» ABOUT THIS TASK: Retype the material that follows exactly, limited to the lines from the one with "Features an Elk" through the one with "2023年7月18日,公司经", and keep out all pictures.

» INFORMATION GIVEN:

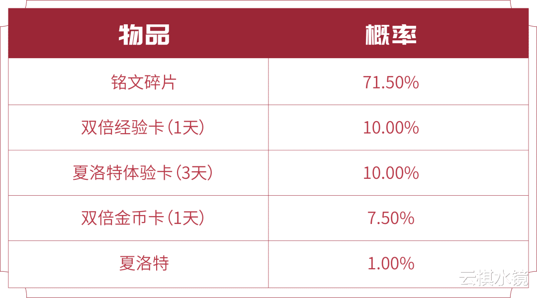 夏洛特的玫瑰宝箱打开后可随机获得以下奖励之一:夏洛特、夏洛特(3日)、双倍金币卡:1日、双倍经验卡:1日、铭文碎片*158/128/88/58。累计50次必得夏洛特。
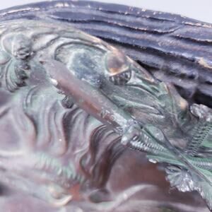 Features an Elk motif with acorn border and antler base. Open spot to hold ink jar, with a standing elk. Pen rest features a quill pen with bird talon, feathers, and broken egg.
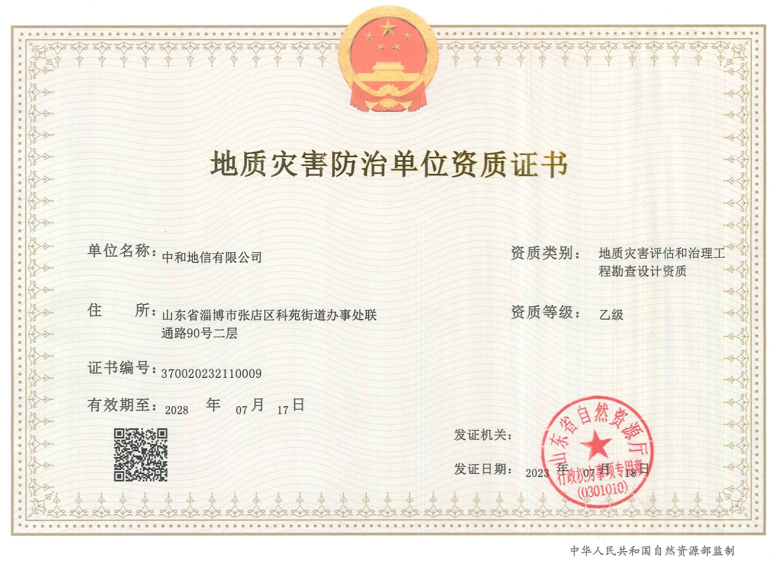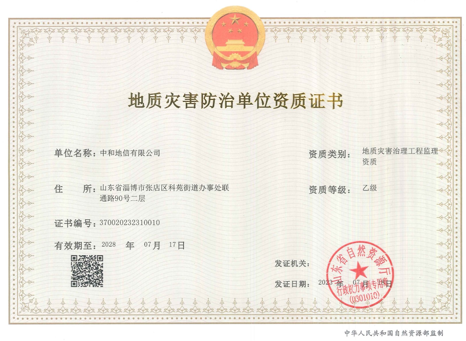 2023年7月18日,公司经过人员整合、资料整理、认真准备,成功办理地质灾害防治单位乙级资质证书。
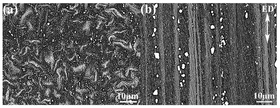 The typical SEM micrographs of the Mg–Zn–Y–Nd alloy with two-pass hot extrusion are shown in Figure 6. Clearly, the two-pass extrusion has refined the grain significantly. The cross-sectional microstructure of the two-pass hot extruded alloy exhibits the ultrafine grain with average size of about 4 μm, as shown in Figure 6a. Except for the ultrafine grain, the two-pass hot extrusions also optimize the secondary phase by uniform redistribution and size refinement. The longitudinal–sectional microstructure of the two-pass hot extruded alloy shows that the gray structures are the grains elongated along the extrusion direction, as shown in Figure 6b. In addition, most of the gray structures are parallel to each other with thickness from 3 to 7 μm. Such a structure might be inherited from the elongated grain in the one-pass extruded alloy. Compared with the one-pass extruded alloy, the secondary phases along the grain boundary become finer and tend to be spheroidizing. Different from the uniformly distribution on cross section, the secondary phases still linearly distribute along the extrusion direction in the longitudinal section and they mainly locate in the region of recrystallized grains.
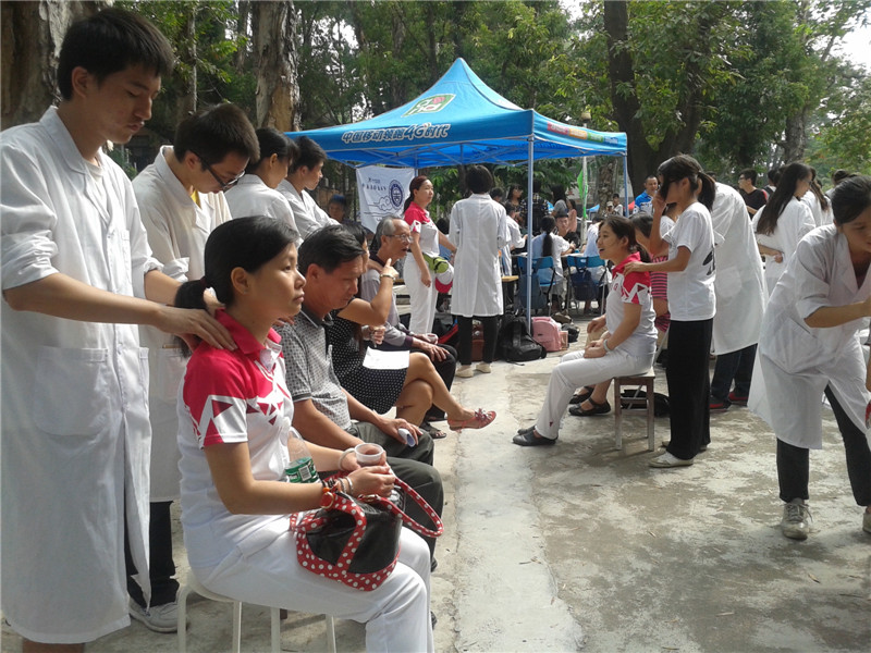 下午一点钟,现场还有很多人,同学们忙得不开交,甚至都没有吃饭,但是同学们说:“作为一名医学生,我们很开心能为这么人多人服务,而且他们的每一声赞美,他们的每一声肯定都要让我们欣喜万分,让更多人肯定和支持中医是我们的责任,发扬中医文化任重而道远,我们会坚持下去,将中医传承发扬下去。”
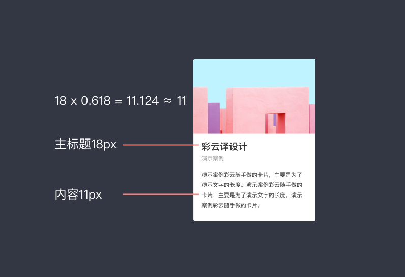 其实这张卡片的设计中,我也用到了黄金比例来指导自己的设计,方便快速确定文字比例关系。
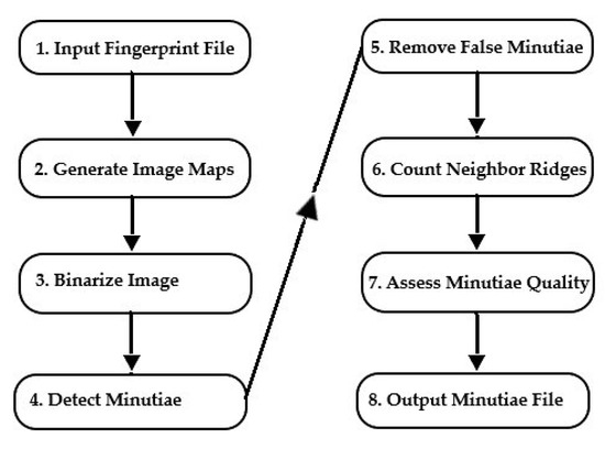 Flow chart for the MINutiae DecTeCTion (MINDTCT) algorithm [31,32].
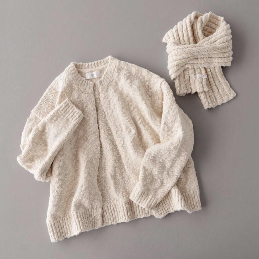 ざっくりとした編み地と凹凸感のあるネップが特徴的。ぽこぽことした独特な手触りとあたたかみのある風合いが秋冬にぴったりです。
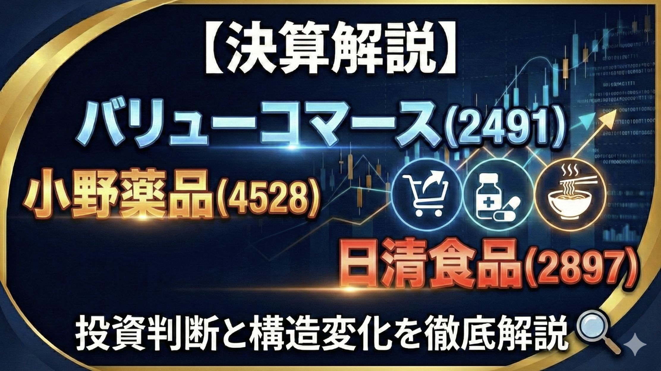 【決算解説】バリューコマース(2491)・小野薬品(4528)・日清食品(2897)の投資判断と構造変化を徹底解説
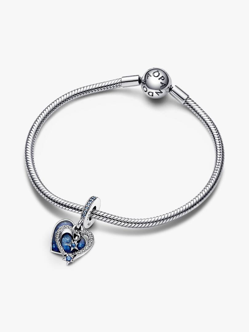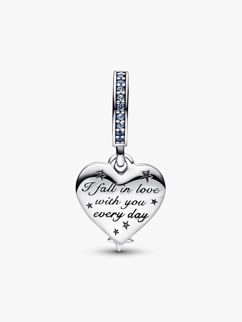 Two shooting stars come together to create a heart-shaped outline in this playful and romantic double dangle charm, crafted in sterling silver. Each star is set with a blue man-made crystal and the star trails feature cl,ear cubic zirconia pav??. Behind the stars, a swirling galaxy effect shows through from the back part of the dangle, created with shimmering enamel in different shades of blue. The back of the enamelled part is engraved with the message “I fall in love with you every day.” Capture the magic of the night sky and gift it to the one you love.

--

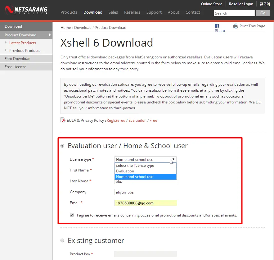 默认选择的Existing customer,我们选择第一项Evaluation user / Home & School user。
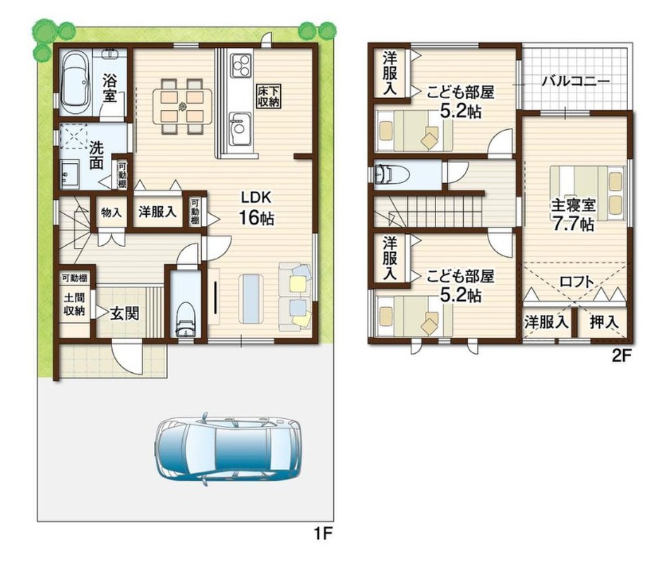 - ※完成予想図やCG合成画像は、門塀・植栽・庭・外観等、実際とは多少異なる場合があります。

» ANSWER SECTION:
 Features an Elk motif with acorn border and antler base. Open spot to hold ink jar, with a standing elk. Pen rest features a quill pen with bird talon, feathers, and broken egg.
 2023年7月18日,公司经过人员整合、资料整理、认真准备,成功办理地质灾害防治单位乙级资质证书。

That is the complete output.